Below are the records; extract from them the line containing "Figure 21. Moderate" to the line containing "CONCEPT 1 from South", both lines included, exactly and with no pictures.

RECORD SET:
──────────────────────────────
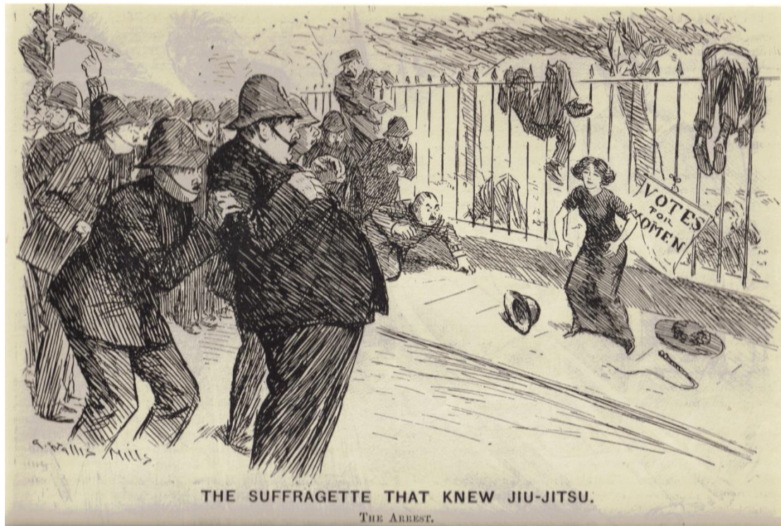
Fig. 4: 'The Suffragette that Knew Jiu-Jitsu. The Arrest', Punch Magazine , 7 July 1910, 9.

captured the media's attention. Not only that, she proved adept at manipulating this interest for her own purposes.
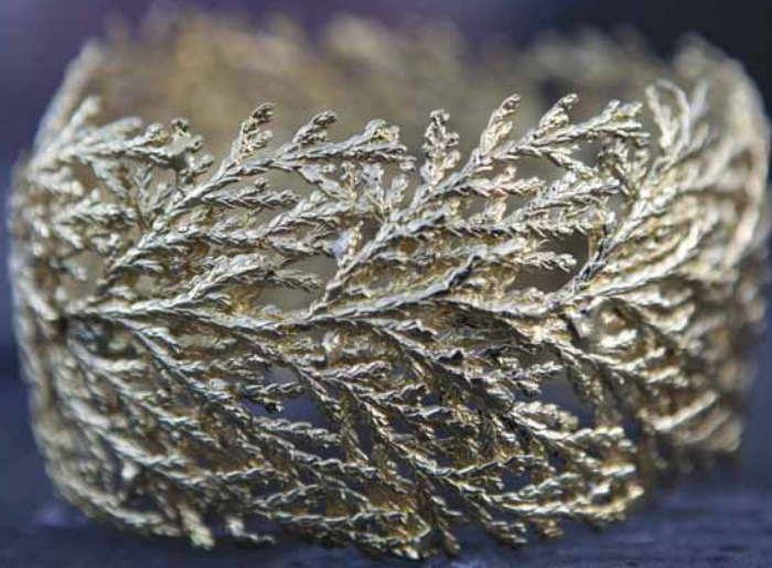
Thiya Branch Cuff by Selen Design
──────────────────────────────
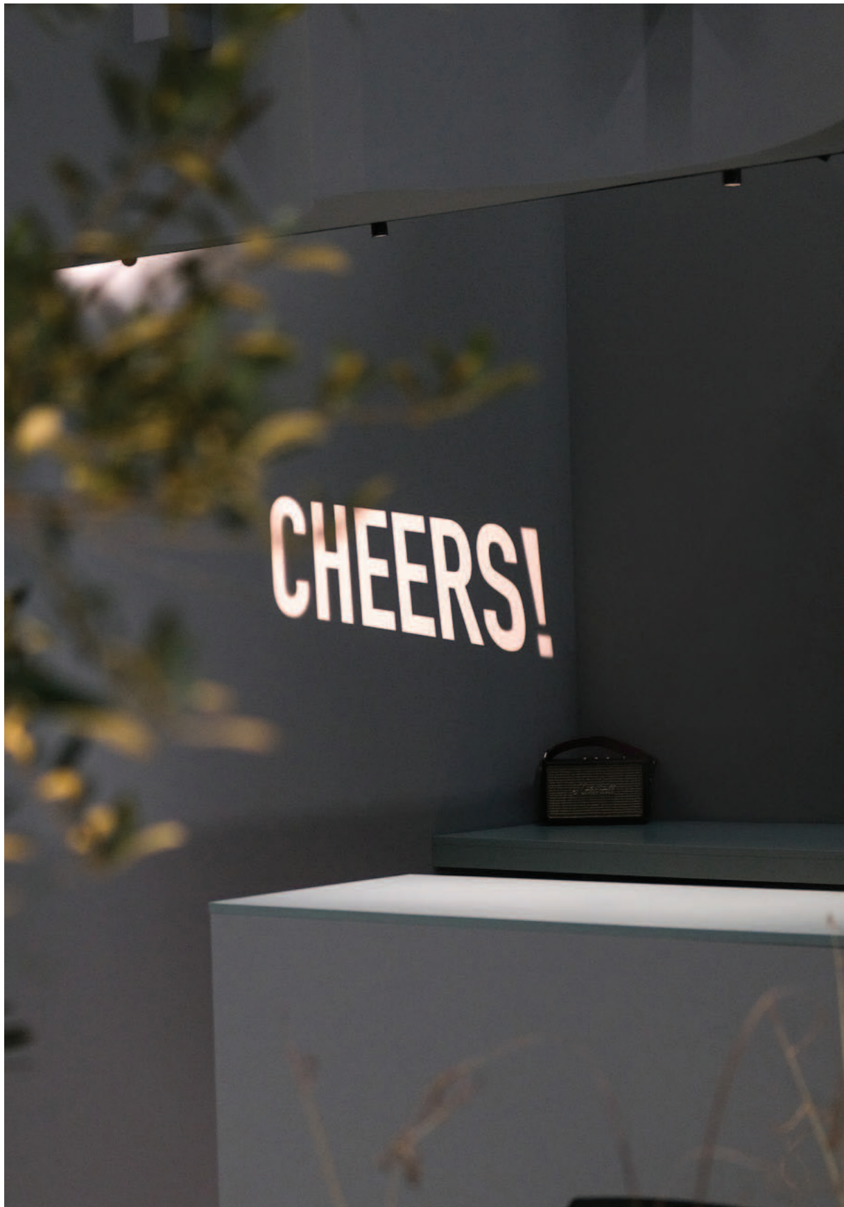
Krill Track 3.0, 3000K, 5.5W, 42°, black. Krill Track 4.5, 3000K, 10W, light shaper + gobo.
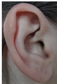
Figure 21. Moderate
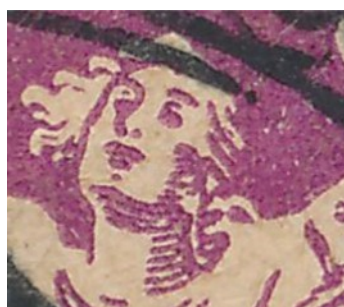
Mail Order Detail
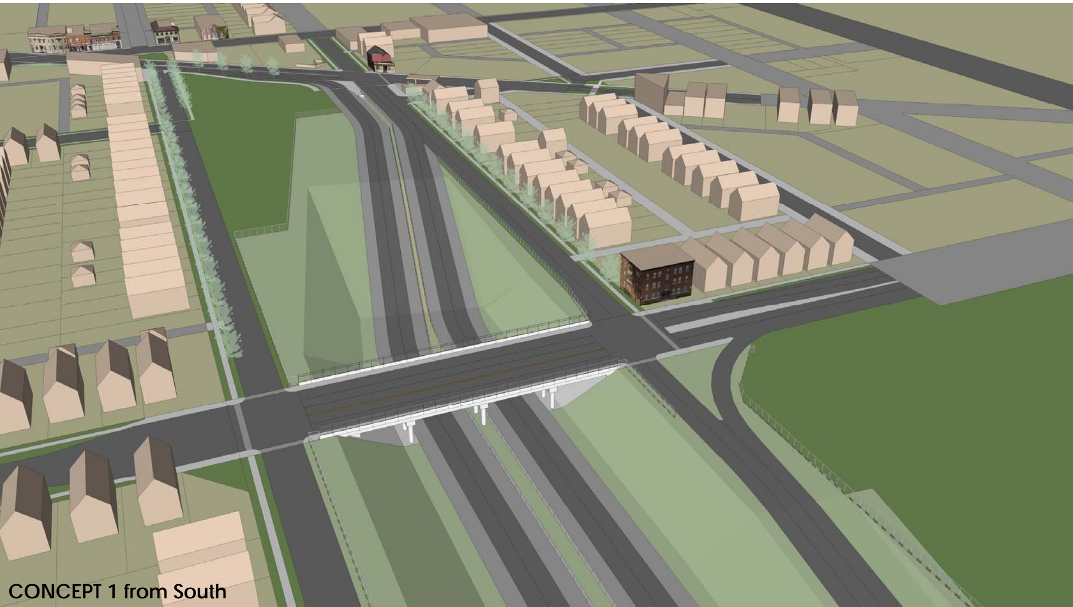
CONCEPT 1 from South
──────────────────────────────
OUTPUT OF THE EXERCISE:
Figure 21. Moderate
Mail Order Detail
CONCEPT 1 from South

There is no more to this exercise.